WHAT THE EXERCISE ASKS - A faithful copy of the entries is needed, one that leaves out the pictures.

Extracted records -
-=-=-=-=-

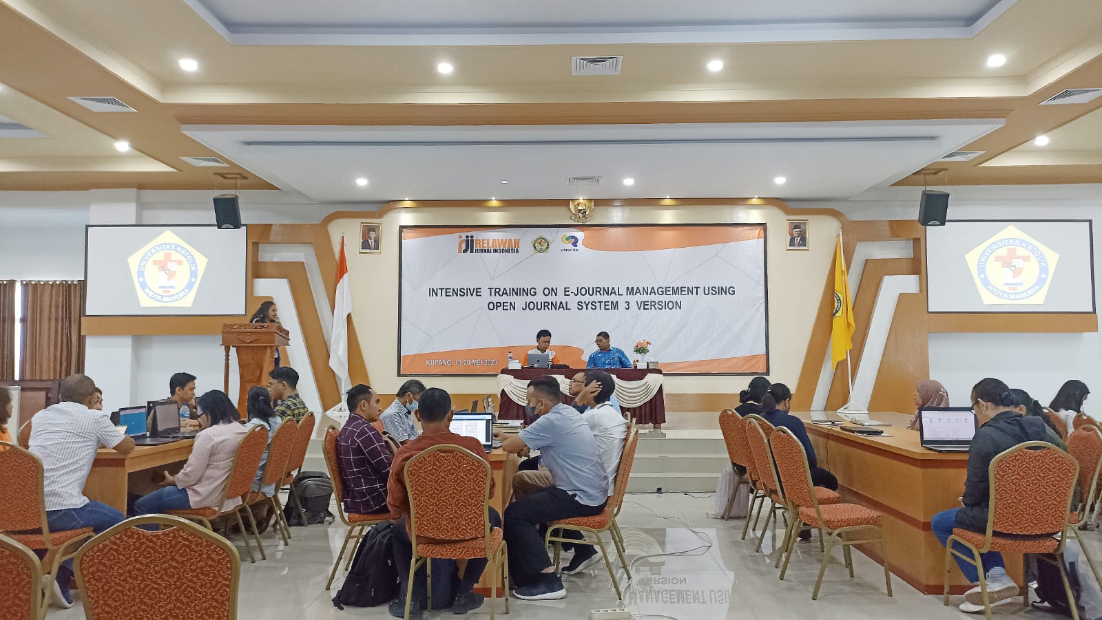 UNWIRA – Melalui UNWIRA Press dan dalam kerja sama dengan Relawan Jurnal Indonesia (RJI), Universitas Katolik Widya Mandira (UNWIRA) Kupang membuka kegiatan Intensive Training on Management Using Open System 3 Version, pada Jumat (19/05/2023).
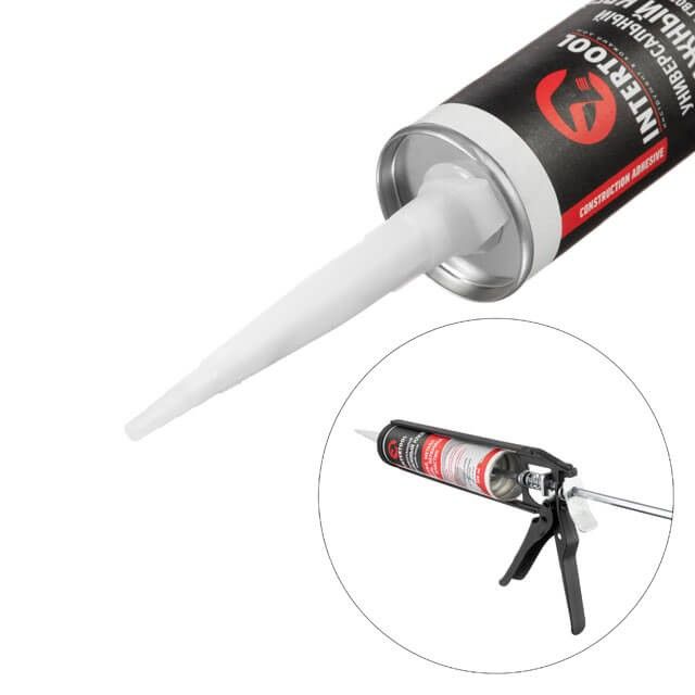 Для легкого та швидкого нанесення клею рекомендуємо використовувати пістолет-аплікатор з функцією моментальної зупинки подачі матеріалу INTERTOOL HT-0028.
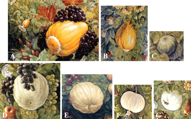 Squash from the Villa Farnesina ceiling, by Giovanni da Udine, 1515-1518 Cucurbita maxima (pumpkin): (A and B) orange show pumpkin; (C) grey pumpkin; (D–G) white show pumpkin. Caneva (1992b) classified (A) and (B) as Cucurbita moschata, (C) as Citrullus colocynthis and (D)–(G) as Cucumis melo var. inodorus.
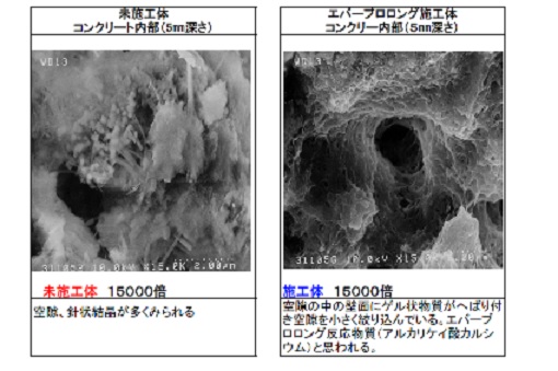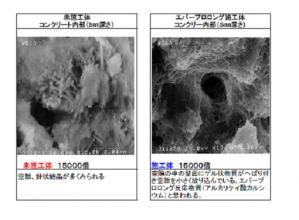 ・均質でナノレベルの小さな粒径のけい酸塩粒子に変えたことにより、含浸性が高まった。また、ナトリウムとカリウム混合(モル比1:1)に変えたことにより、水和反応が遅くなり更に含浸性が向上し、保護層が厚くなり(従来技術は1mm、本技術は5mm程度)、コンクリート構造物の耐久性が向上する。
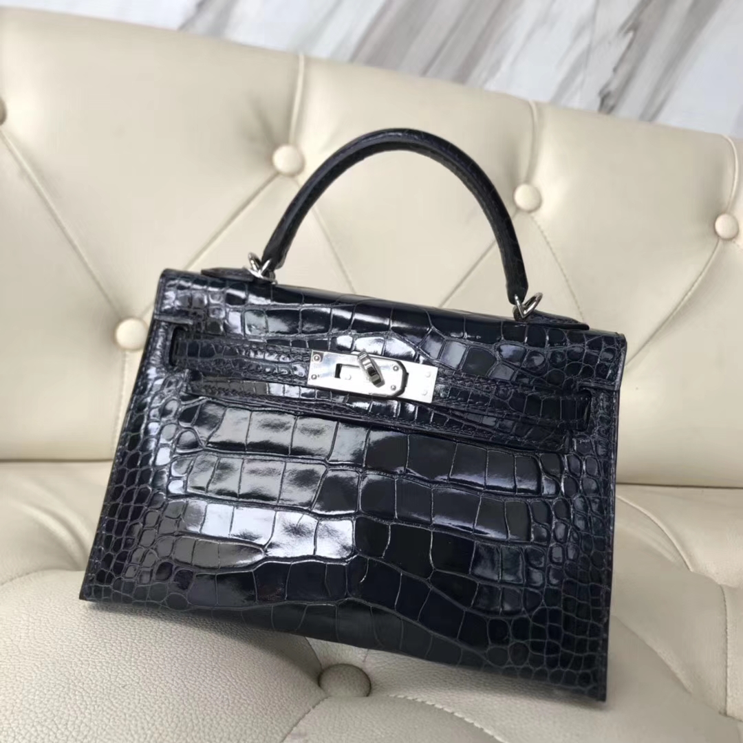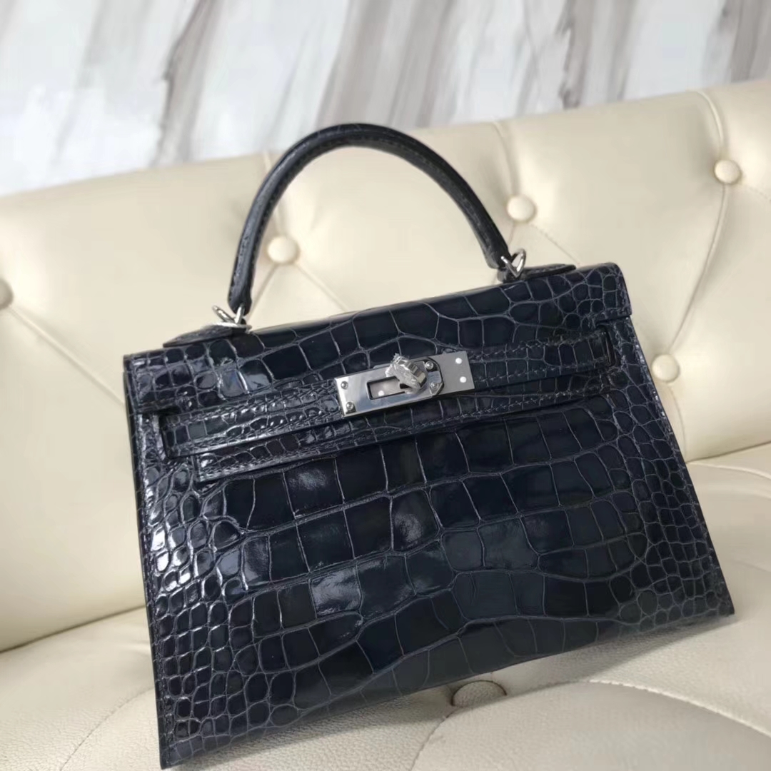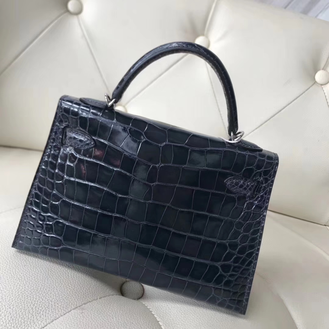 Hermès(爱马仕)Minikelly ll Alligator shiny 亮面鳄鱼 77k 深海蓝 blue indgo 银扣 2018年12月22日 0 【鳄鱼世家】www.Eyubao.com Mini Kelly 2 Mini Kelly 迷你凯莉 品牌:Hermès(爱马仕);类别:Mini Kelly迷你凯莉包;颜色:深海蓝;材质:亮面鳄鱼;等级:顶级;附件:全套包装礼盒;功能:手提单肩包
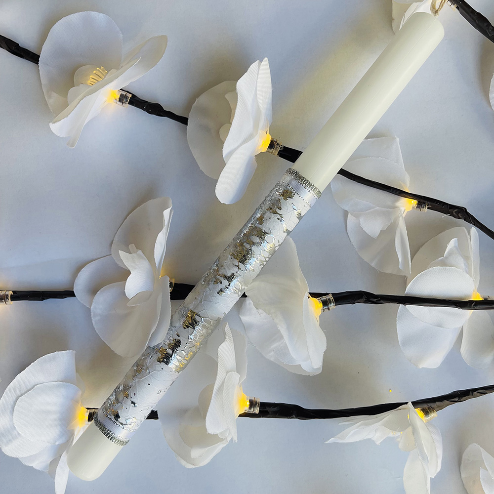 Χειροποίητη Πασχαλινή Λαμπάδα Με Ασημί Λεπτομέρειες
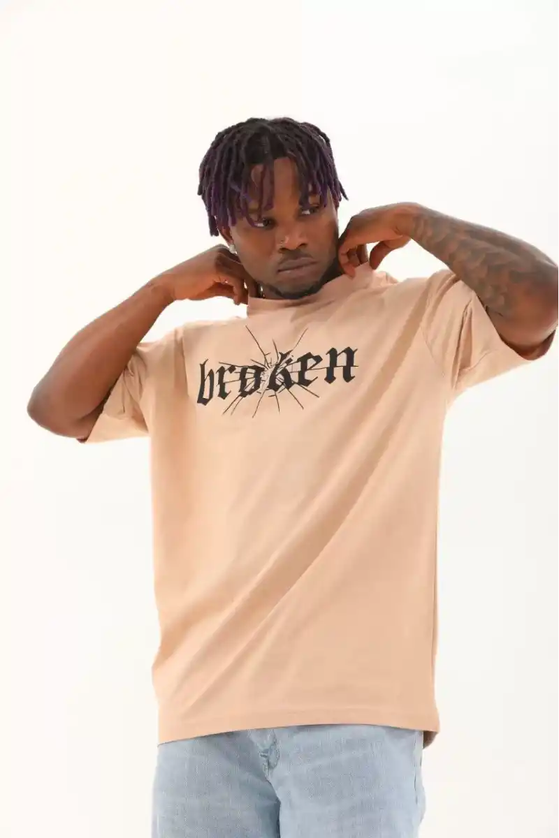 Unisex Oversize Baskılı Bisiklet Yaka T-Shirt - Bej
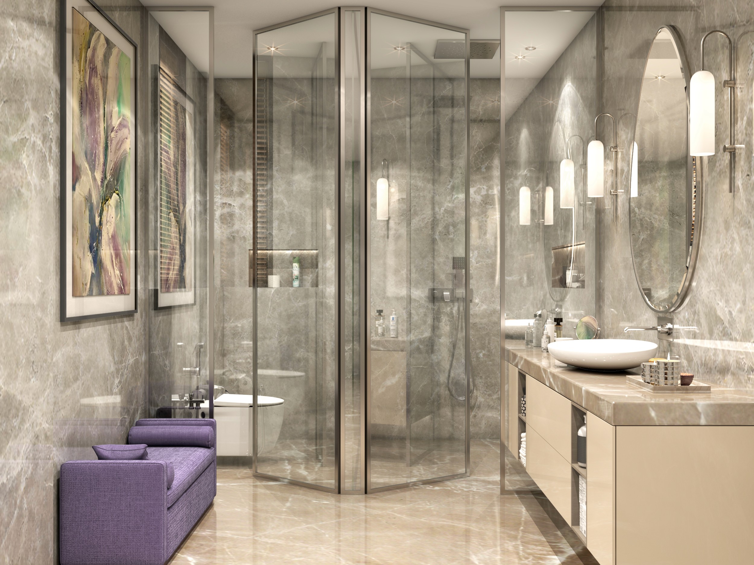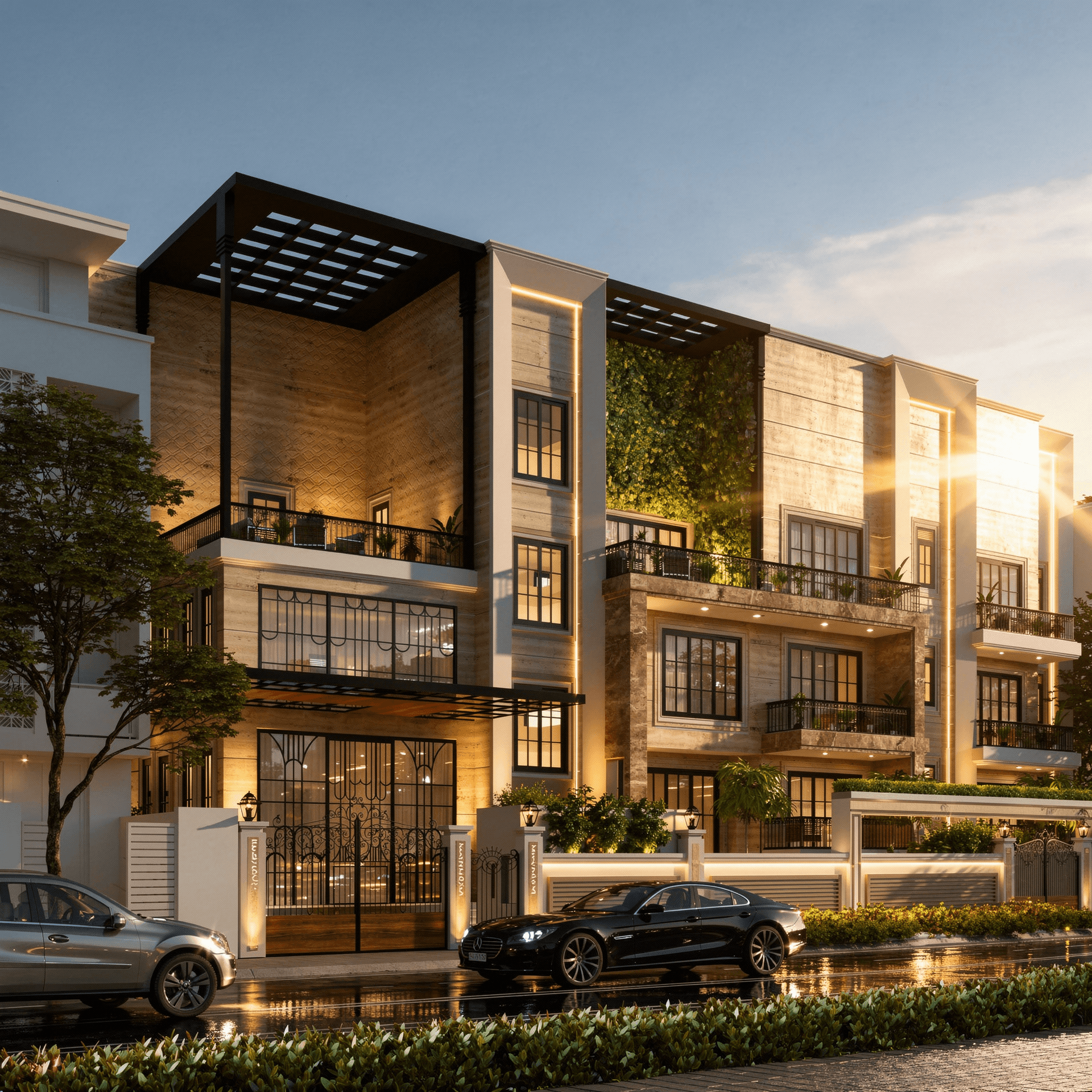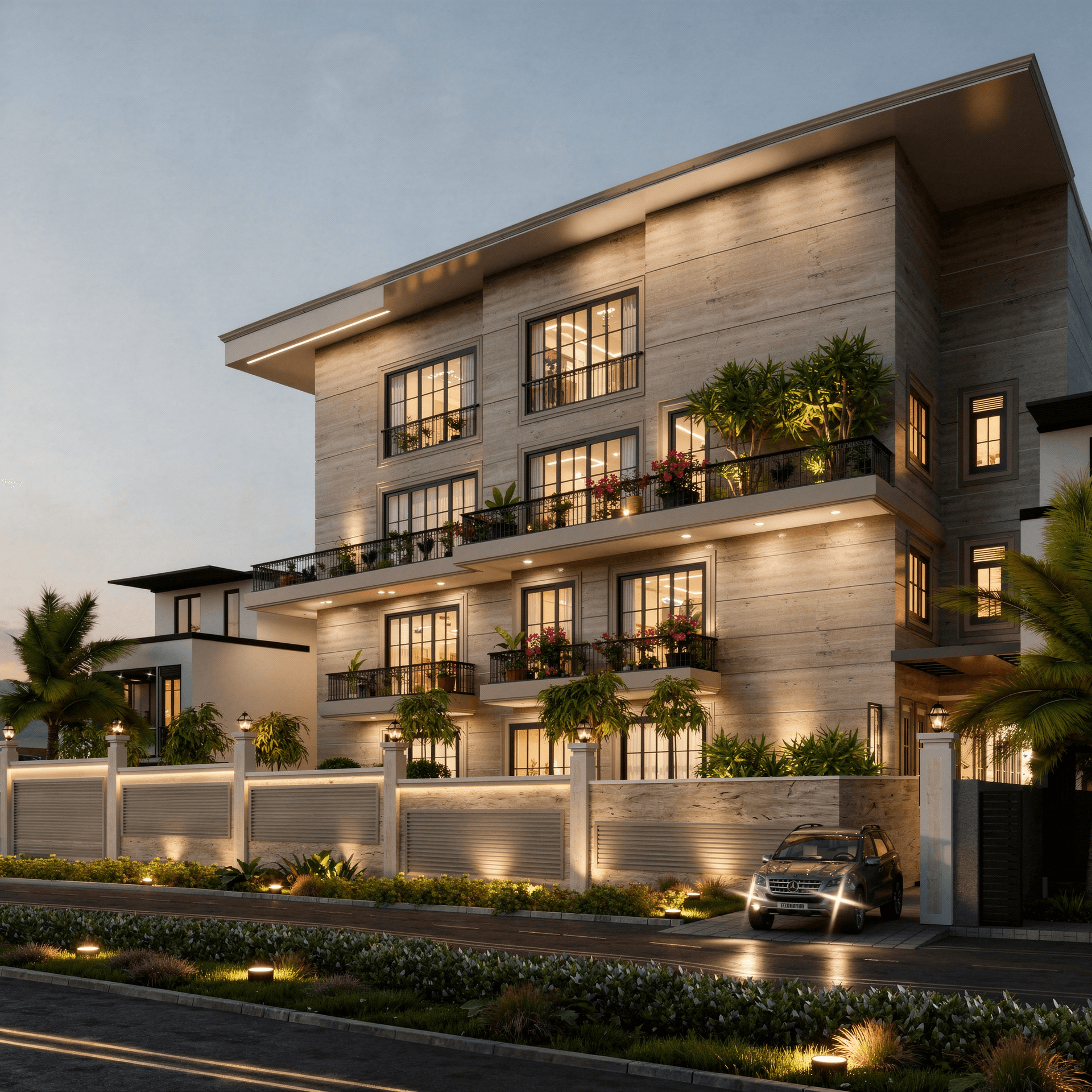 This residence would just be a breath of fresh air in the neighbourhood! Respectful to its surroundings, the building is organized with a collection of various screens and cubes. It has been designed to bring in maximum daylight and enable cross ventilation across all levels The balance between solid and transparent surfaces contrasts the clean lines on the façade beautifully. The elegant structure resides harmoniously within its urban context. The overall Intent was to design a façade in a contemporary style wherein the amalgamation of the mass and lighting together create drama.

-=-=-=-=-

FINISHED EXERCISE -
 UNWIRA – Melalui UNWIRA Press dan dalam kerja sama dengan Relawan Jurnal Indonesia (RJI), Universitas Katolik Widya Mandira (UNWIRA) Kupang membuka kegiatan Intensive Training on Management Using Open System 3 Version, pada Jumat (19/05/2023).
 Для легкого та швидкого нанесення клею рекомендуємо використовувати пістолет-аплікатор з функцією моментальної зупинки подачі матеріалу INTERTOOL HT-0028.
 Squash from the Villa Farnesina ceiling, by Giovanni da Udine, 1515-1518 Cucurbita maxima (pumpkin): (A and B) orange show pumpkin; (C) grey pumpkin; (D–G) white show pumpkin. Caneva (1992b) classified (A) and (B) as Cucurbita moschata, (C) as Citrullus colocynthis and (D)–(G) as Cucumis melo var. inodorus.
 ・均質でナノレベルの小さな粒径のけい酸塩粒子に変えたことにより、含浸性が高まった。また、ナトリウムとカリウム混合(モル比1:1)に変えたことにより、水和反応が遅くなり更に含浸性が向上し、保護層が厚くなり(従来技術は1mm、本技術は5mm程度)、コンクリート構造物の耐久性が向上する。
 Hermès(爱马仕)Minikelly ll Alligator shiny 亮面鳄鱼 77k 深海蓝 blue indgo 银扣 2018年12月22日 0 【鳄鱼世家】www.Eyubao.com Mini Kelly 2 Mini Kelly 迷你凯莉 品牌:Hermès(爱马仕);类别:Mini Kelly迷你凯莉包;颜色:深海蓝;材质:亮面鳄鱼;等级:顶级;附件:全套包装礼盒;功能:手提单肩包
 Χειροποίητη Πασχαλινή Λαμπάδα Με Ασημί Λεπτομέρειες
 Unisex Oversize Baskılı Bisiklet Yaka T-Shirt - Bej
 This residence would just be a breath of fresh air in the neighbourhood! Respectful to its surroundings, the building is organized with a collection of various screens and cubes. It has been designed to bring in maximum daylight and enable cross ventilation across all levels The balance between solid and transparent surfaces contrasts the clean lines on the façade beautifully. The elegant structure resides harmoniously within its urban context. The overall Intent was to design a façade in a contemporary style wherein the amalgamation of the mass and lighting together create drama.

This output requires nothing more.